The records below need to be repeated exactly, though not their pictures.

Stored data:
Content starts
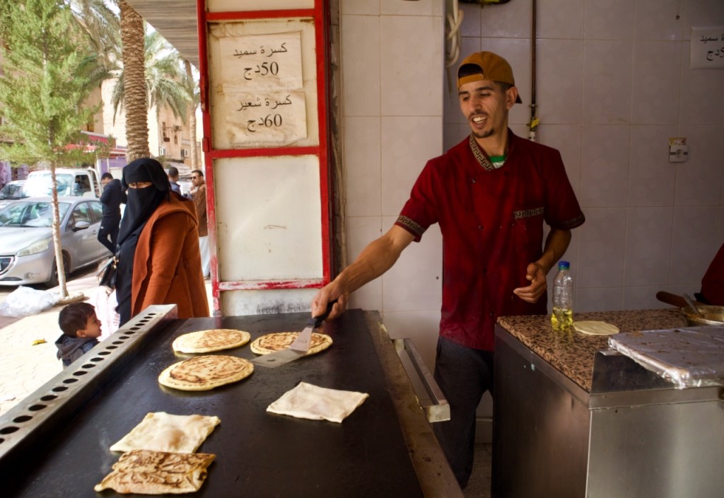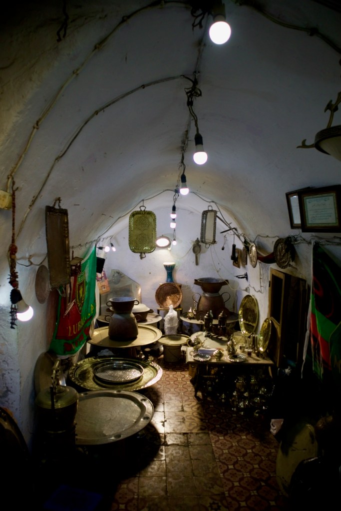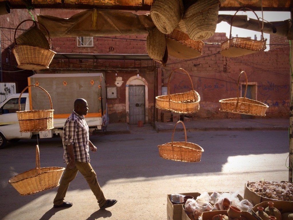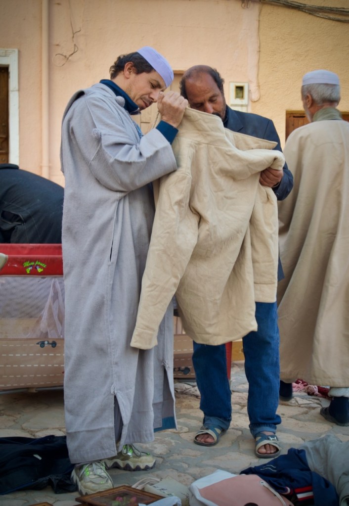 The first iconic view of Beni Isguen, the most enigmatic village with pastel coloured homes and an old mosque perched on top known for her conservative traditions, is unforgettable. Haji, an old guide, takes me through the web of alleyways in an hour-long tour, blurting out years and dates faster than I can note. El Atteuf was built first, then Bounoura in 1046, Ghardaia in 1053, Beni Isguen in 1321, and Melika in 1555! Fully covered married women – with only one eye exposed – come and go, disappearing quickly in the labyrinth. At dusk, men gather at the central square where an animated auction unfolds. How much is the jacket? one asks. 20,000 dinars (0.75 euros), the owner replies. There is some commotion around an old scale and I volunteer to step on it. 43kgs, it’s not working, I say, and the crowd breaks out in a laugh.
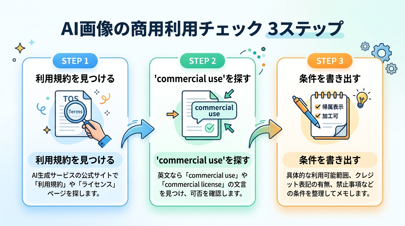- ❌ 悪い例: 「SNSで『商用利用OK』と見かけたので、そのまま使うことにした」(公式規約を確認していない)
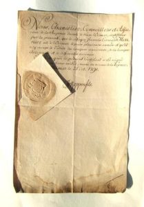[DUCHÉ de SAXE-WEIMAR]. Manuscrit signé du chancelier de la régence du Duché de Saxe-Weimar, H. von Oppenfeld (?), avec beau cachet de cire et daté du 25 octobre 1798.
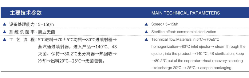 概述:产品先经预热后,蒸汽直接喷入产品,使产品在瞬时被加热到设定温度,经过一定时间的保温后,通过真空分离器把产品瞬间降温,并等量蒸发掉因蒸汽喷入增加的水分,最后产品在无菌条件下冷却、灌装。
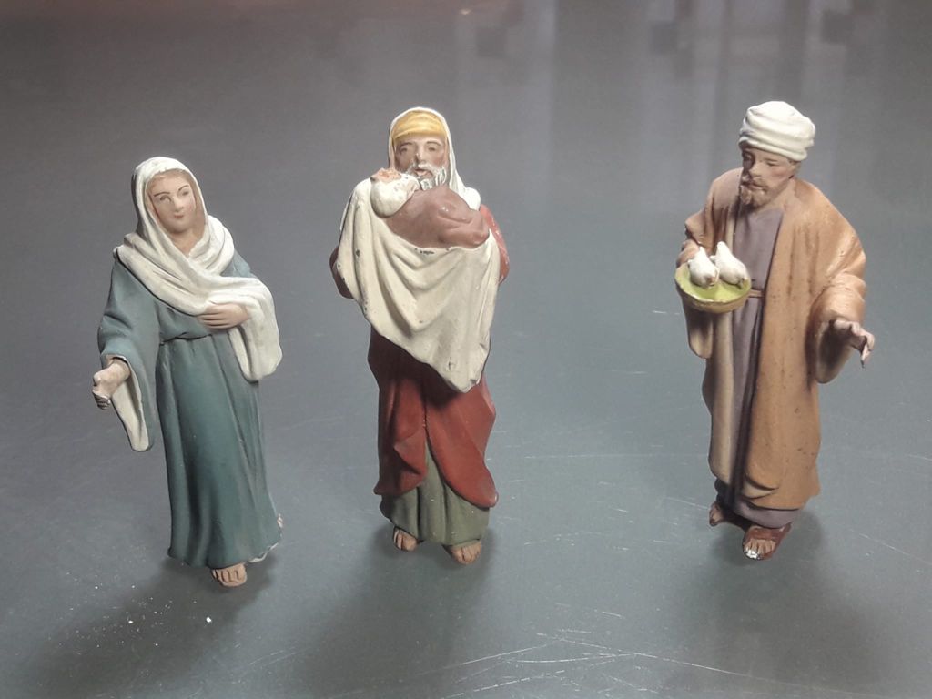 Jose y Maria. Marti Castells. Rest. Joan Castells.jpg (238KB - 80 descargas)Esta imagen que Felix nos regala para una de las tres posibles escenas de la vida de Jesús, la que nos narra el Evangelista Lucas en el capítulo 2, versículo 22... que en bebe de lo que dice el libro del Levítico en el versículo 8 del capítulo 12: "Si no le alcanza para ofrecer una res menor, tome..." [Para más información busquen en las librerías de casa o pulsen aquí ]
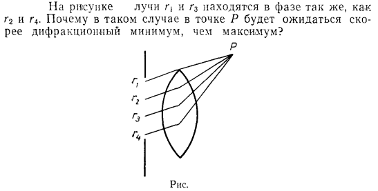 На рисунке лучи r1 и r3 находятся в фазе так же, как r2 и r4. Почему в таком случае в точке Р будет ожидаться скорее дифракционный минимум, чем максимум?
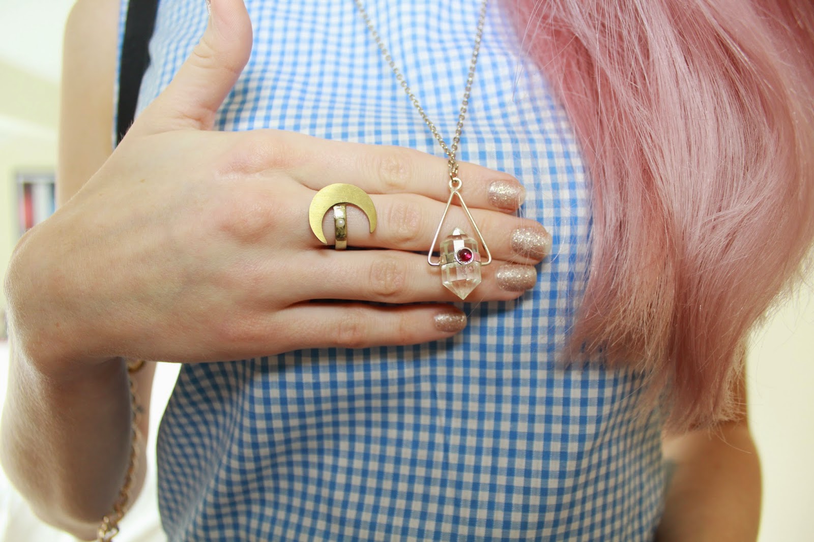 I don’t own much light blue and I really should because I love it. In this cute check pattern, its just so adorable and Im loving coords right now. The flatforms are also a recent fave, especially as I’ve spent the last 6 months in boots, this was a welcomed change for my toes. For going out, Id throw on a denim jacket or a mid length jacket and of course some sunnies. But for now I teamed it with some gold and silver jewellery, fancy that, and my gorgeous custom made Baia.
Content ends
- **Reply to the exercise**:
 The first iconic view of Beni Isguen, the most enigmatic village with pastel coloured homes and an old mosque perched on top known for her conservative traditions, is unforgettable. Haji, an old guide, takes me through the web of alleyways in an hour-long tour, blurting out years and dates faster than I can note. El Atteuf was built first, then Bounoura in 1046, Ghardaia in 1053, Beni Isguen in 1321, and Melika in 1555! Fully covered married women – with only one eye exposed – come and go, disappearing quickly in the labyrinth. At dusk, men gather at the central square where an animated auction unfolds. How much is the jacket? one asks. 20,000 dinars (0.75 euros), the owner replies. There is some commotion around an old scale and I volunteer to step on it. 43kgs, it’s not working, I say, and the crowd breaks out in a laugh.
- ❌ 悪い例: 「SNSで『商用利用OK』と見かけたので、そのまま使うことにした」(公式規約を確認していない)
[DUCHÉ de SAXE-WEIMAR]. Manuscrit signé du chancelier de la régence du Duché de Saxe-Weimar, H. von Oppenfeld (?), avec beau cachet de cire et daté du 25 octobre 1798.
 概述:产品先经预热后,蒸汽直接喷入产品,使产品在瞬时被加热到设定温度,经过一定时间的保温后,通过真空分离器把产品瞬间降温,并等量蒸发掉因蒸汽喷入增加的水分,最后产品在无菌条件下冷却、灌装。
 Jose y Maria. Marti Castells. Rest. Joan Castells.jpg (238KB - 80 descargas)Esta imagen que Felix nos regala para una de las tres posibles escenas de la vida de Jesús, la que nos narra el Evangelista Lucas en el capítulo 2, versículo 22... que en bebe de lo que dice el libro del Levítico en el versículo 8 del capítulo 12: "Si no le alcanza para ofrecer una res menor, tome..." [Para más información busquen en las librerías de casa o pulsen aquí ]
 На рисунке лучи r1 и r3 находятся в фазе так же, как r2 и r4. Почему в таком случае в точке Р будет ожидаться скорее дифракционный минимум, чем максимум?
 I don’t own much light blue and I really should because I love it. In this cute check pattern, its just so adorable and Im loving coords right now. The flatforms are also a recent fave, especially as I’ve spent the last 6 months in boots, this was a welcomed change for my toes. For going out, Id throw on a denim jacket or a mid length jacket and of course some sunnies. But for now I teamed it with some gold and silver jewellery, fancy that, and my gorgeous custom made Baia.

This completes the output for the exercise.